If you want to pick earlier than at full maturity, select fruits about 1¼ inches in diameter; by harvesting before full maturity, you can spread the harvest period out over perhaps two months. Commercial growers try to harvest when the fruits are well-formed and have substantially filled the husk, but are still bright in color (overmature fruit are light in color or yellowish, and it is said that those should be avoided as being sweeter and thus undesirable for most standard tomatillo uses). The purple varieties are said to grow significantly smaller fruits, but they grow more and so produce about the same net weight per plant--but use your head with respect to picking sizes, depending on the type you're growing.


More

Relevant Links

Besides any links presented above on this page, the following ought to be especially helpful.


Odds and Ends

Biology

Tomatillos are members of the prodigiously useful Solanaceae (or nightshade) family, as are tomatoes, peppers, tomatillos, and eggplants, among others.
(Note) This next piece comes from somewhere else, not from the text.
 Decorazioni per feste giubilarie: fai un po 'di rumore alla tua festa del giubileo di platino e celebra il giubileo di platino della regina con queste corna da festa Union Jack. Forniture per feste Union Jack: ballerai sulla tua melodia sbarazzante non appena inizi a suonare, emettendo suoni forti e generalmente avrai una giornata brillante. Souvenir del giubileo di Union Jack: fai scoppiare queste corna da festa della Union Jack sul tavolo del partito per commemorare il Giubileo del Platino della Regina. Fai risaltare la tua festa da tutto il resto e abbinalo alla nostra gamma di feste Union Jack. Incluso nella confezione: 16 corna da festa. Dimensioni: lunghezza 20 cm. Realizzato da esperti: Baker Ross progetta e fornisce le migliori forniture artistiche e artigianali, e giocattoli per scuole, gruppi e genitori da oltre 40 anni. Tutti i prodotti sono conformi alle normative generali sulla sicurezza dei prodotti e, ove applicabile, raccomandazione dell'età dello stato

Some botanists unite this species with P. philadelphica, saying that it arose from P. philadelphica through cultivation (probably true, but possibly irrelevant).


History

The tomatillo is native to Central America, and was used by the Aztecs in pre-Columbian times. In fact, there is archaeological evidence of its use as a food in the valley of Tehuacán in the centuries from 900 B.C. to A.D. 1540. Before the European arrival, the tomatillo was used far more than the tomato, but eventually the latter came to dominate, except in some rural areas where the tomatillo is still preferred over the tomato.

The ancestral wild tomatillo was domesticated in Mexico, then carried back by the Europeans on their arrival in the New World. It enjoyed some popularity till being eclipsed by the tomato.


Envoi

If you've ever wondered just where The Tomatillo Capital of the World is--and who amongst us has not, at one time or another?--it's El Fornio, California, or so it says here.